Mapipa Qaqamba, Digban Tennison Onoriode, Nnolim Nonso Emmanuel, Nontongana Nolonwabo, Okoh Anthony Ifeanyi, Nwodo Uchechukwu U
SAMRC Microbial Water Quality Monitoring Centre, University of Fort Hare, Alice, 5700, South Africa.
Applied and Environmental Microbiology Research Group (AEMREG), Department of Biochemistry and Microbiology, University of Fort Hare, Private Bag X1314, Alice, 5700, Eastern Cape, South Africa.
Curr Microbiol. 2022 Mar 8;79(4):123. doi: 10.1007/s00284-022-02815-7.
Acinetobacter baumannii (A. baumannii) plays a significant part in nosocomial infections world over and is re-emerging as a formidable pathogen due to the wide range of antibiotic resistance factors it acquires and environmental resilience. The high attendance of patients (outpatients and inpatients) into the health care facilities formed the basis for the selection of the hospitals. Consequently, this study profiled the antibiogram and antibiotic resistance genes of A. baumannii isolated from selected hospital wastewater effluents. A total of twenty-four (24) wastewater samples from three selected hospital drainages were collected and analysed presumptively by culture-dependent methods for A. baumannii. The identity confirmation of A. baumannii was done by the amplification of recA and blaoxa-51 genes. Virulence and antibiotic resistance markers were assessed using polymerase chain reaction. A total of 53 A. baumannii isolates were confirmed and the highest antibiotic resistance profile was 93% (piperacillin). Multiple antibiotic resistance index (MARI) showed a range of 0.23 and 0.46. FimH virulence gene was detected in 29 (55%) of the isolates. Tetracycline and beta-lactam resistance markers were found; 70% and 92% of the isolates possessed tetA and ampC genes. The isolates showed high level of resistance to antibiotics. The multiple antibiotic resistance index (MARI) of ≥ 0.2 indicates that some of the isolates harbour virulence and resistance traits emerging from high-risk source thereby projecting a threat to public health.

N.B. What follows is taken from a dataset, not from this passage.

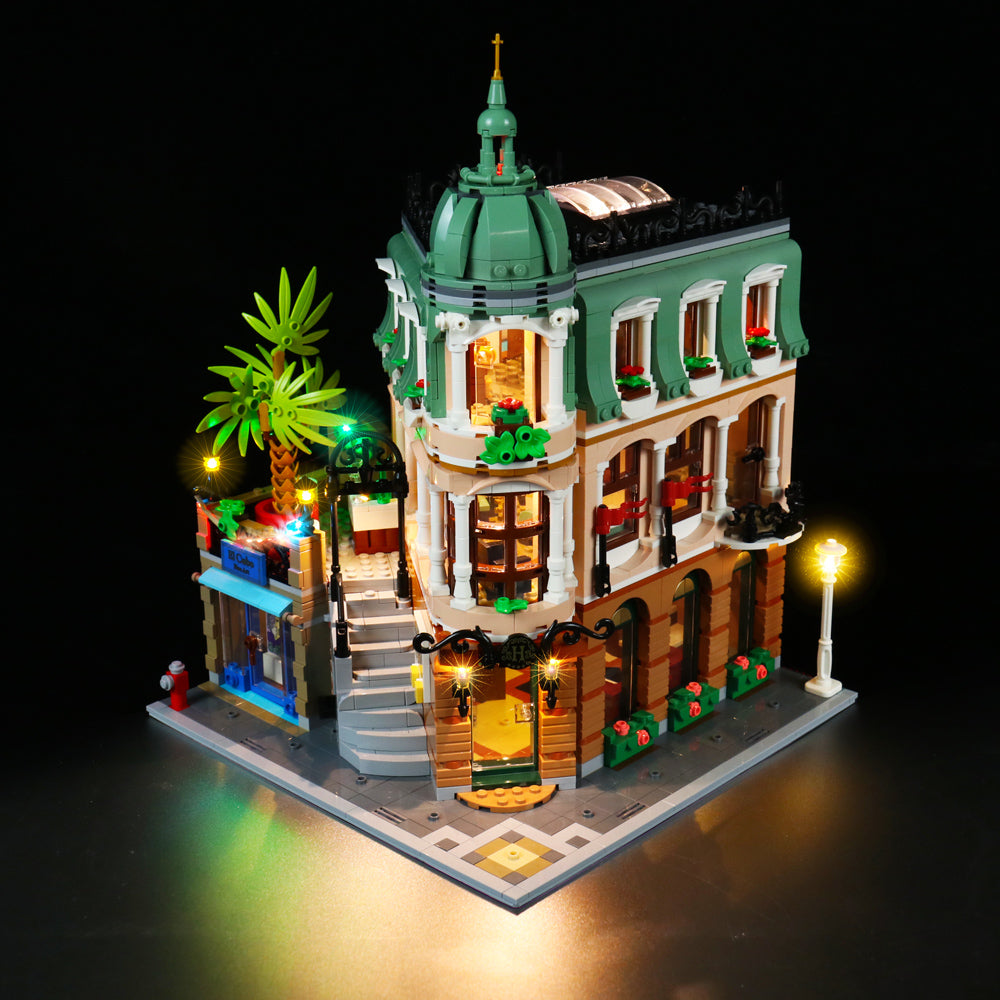 Wenn Sie das Boutique Hotel (10297) errichten, bauen Sie nicht nur ein Gebäude – Sie checken ein in die glamouröse Welt der Belle Époque. Es ist eine Hommage an die europäische Architekturgeschichte. Doch erst, wenn die Dämmerung einsetzt (und die Gäste zum Dinner erscheinen), entfaltet dieses architektonische Juwel seinen vollen Charme. Mit diesem LED-Beleuchtungs-Set von Bricklightlab lassen Sie das goldene Zeitalter wiederauferstehen.

鲍曼不动杆菌在全球医院感染中起着重要作用,由于其获得的广泛抗生素耐药因子和环境适应能力,正重新成为一种 formidable 的病原体。患者(门诊患者和住院患者)大量涌入医疗机构构成了选择这些医院的基础。因此,本研究分析了从选定医院废水排放物中分离出的鲍曼不动杆菌的抗菌谱和抗生素耐药基因。从三个选定医院排水口共收集了二十四(24)份废水样本,并通过依赖培养的方法对鲍曼不动杆菌进行了初步分析。通过 recA 和 blaoxa - 51 基因的扩增对鲍曼不动杆菌进行身份确认。使用聚合酶链反应评估毒力和抗生素耐药标记。共确认了 53 株鲍曼不动杆菌分离株,最高抗生素耐药率为 93%(哌拉西林)。多重抗生素耐药指数(MARI)范围为 0.23 至 0.46。在 29 株(55%)分离株中检测到 FimH 毒力基因。发现了四环素和β-内酰胺耐药标记;70%和 92%的分离株分别拥有 tetA 和 ampC 基因。这些分离株对抗生素表现出高度耐药性。多重抗生素耐药指数(MARI)≥0.2 表明一些分离株具有源自高风险源的毒力和耐药特性,从而对公众健康构成威胁。